When you say there was a “trial on c span”, you’re being disingenuous. A trial in this case means that people were in a courtroom being charged and prosecuted for a crime. It is not the same thing as someone like Darrell Issa or GOP members in Congress holding a hearing so they can yell at whoever they like. There’s a big difference between the two ideas. So I repeat my question to you – where and when on C-SPAN did you see a trial where the perpetrators of this attack were prosecuted for their crimes? And I’ll give you the answer – you did not, because no such event took place. I wasn’t being sarcastic in pointing out the facts – I was trying to correct your statement so that people would not think a non-existent prosecution had taken place.

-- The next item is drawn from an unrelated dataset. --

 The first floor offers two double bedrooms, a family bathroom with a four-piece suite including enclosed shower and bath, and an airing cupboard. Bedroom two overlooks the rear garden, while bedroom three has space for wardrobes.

Regarding the video, you really need to look into when all these riots began happening across the Middle East, not just in Libya. The riots began when that video went viral, and the situation is quite similar to when the anti-Mohammed cartoon riled people in the area up a few years back. You are apparently assuming that the attack in Libya was an event happening completely in a vacuum. If only the world worked that way. You are also continuing to try and parse the President’s words in the Rose Garden. I’m not sure this strategy is working so well for the GOP – the last time it was tried, it resulted in the GOP candidate twice being humiliated on national television. I strongly doubt he wants to experience that again on Monday night.

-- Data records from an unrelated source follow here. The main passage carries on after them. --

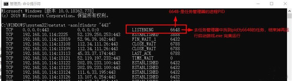 解锁443端口方法,管理员身份运行cmd,键入 :netstat -aon|findstr “443”。
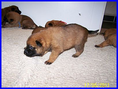 Nun sind die Kleinen schon drei Wochen alt, da ist die Wurfkiste nur noch wie ein kleines Gefängnis! Sie wollen raus, ihre Welt erobern! Also war Umzug angesagt, der Auslauf mußte her. Im Alter von 17 Tagen gab es schon mal eine kleine Freigang-Kostprobe, die die Zwerge perfekt gemeistert haben. Sie waren von der neu gewonnenen Freiheit total begeistert, sind die ersten richtigen Schritte
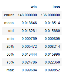performance=pd.DataFrame({"win":win.describe(),"loss":loss.describe()})
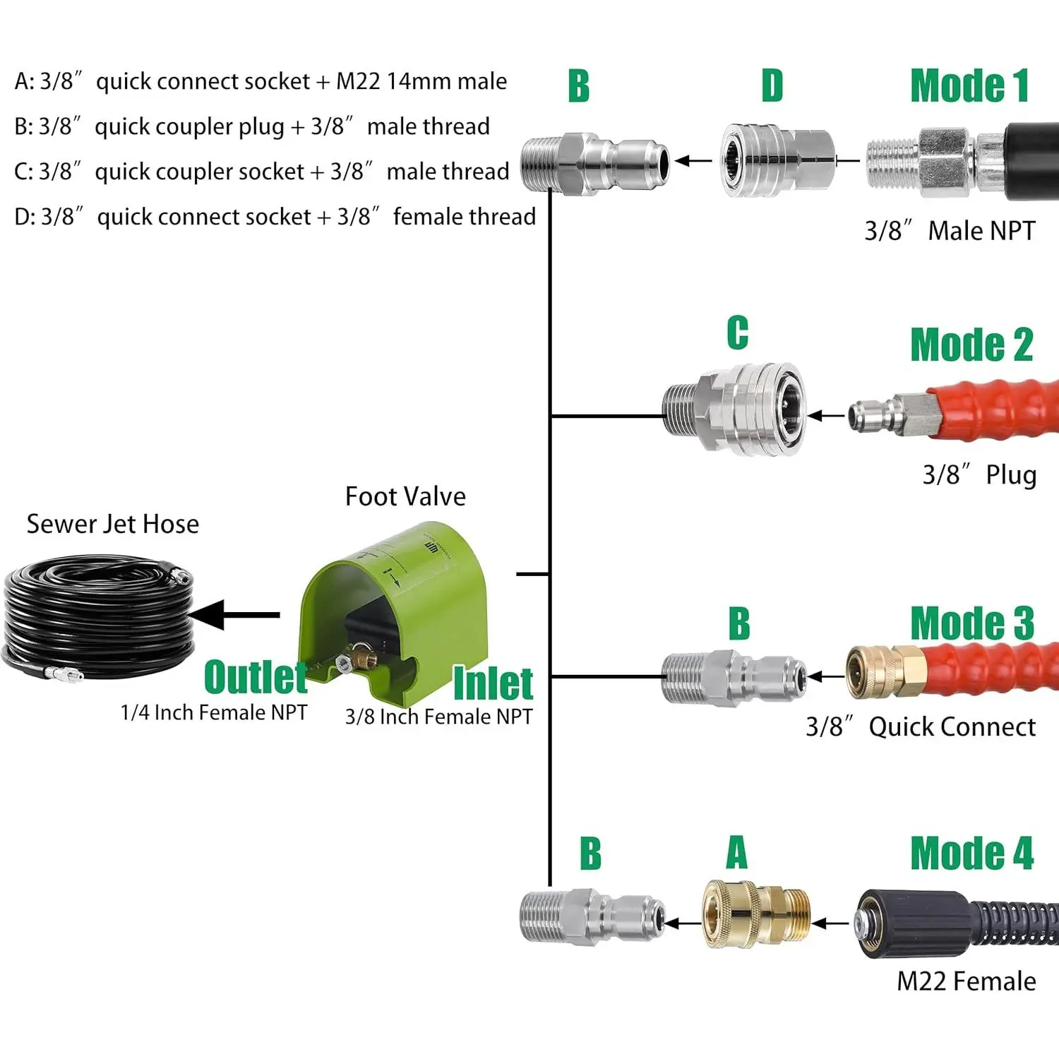 DURABLE & GOOD STABILITY: The sewer jetter foot valve is made of heavy duty steel, which makes it corrosion resistance, stable, and durable.A steel cover is designed on the pressure washer foot valve to protect the pedal and valve ballCONVENIENT DESIGN: A high elastic spring is built under the foot pedal, it keeps the foot valve for the sewer jetter kit a long life.You can easily control the sewer jetting with one foot, and free both hands to feed or retract the sewer jetter hose in the sewer lineWILD APPLICATION: Power washer ball valve comes with 4 adapters: 3/8" quick connect, 3/8" quick connect plug, M22 14 mm male fitting, and M22 14 mm female fitting, which fits most brands of sewer jetter hoses and pressure washer hosesFEATURE: Sewer jetter foot pedal inlet fitting is 3/8 inch female NPT.Outlet fitting of foot valve jetter kit for pressure washer is 1/4 inch female NPT.Max working pressure is 4000 PSI (276 Bar), Max temperature is 140° F (60° C), Max flow rate is 8 GPM(30 l/min)PACKAGE INCLUDED: One-piece pressure washer foot valve, One-piece coupler (3/8" quick connect socket to M22 14 mm male), One-piece coupler (3/8" quick coupler plug to 3/8" male thread), One piece adapter (3/8" quick coupler socket to 3/8" male thread), One piece adapter (3/8" quick connect socket to 3/8" female thread)

As for your repeated use of profanity and vitriol, they do not constitute anything that would convince me that you truly understand the chaos that video caused. Real people were killed as a result of it. Real people were badly injured. Real people had their lives ruined. Trying to ignore to make a cheap political point is truly an unfortunate choice. And you referred to the Ambassador as “chris”. Do you know him personally? If not, why are you referring to him by his first name and not by his title?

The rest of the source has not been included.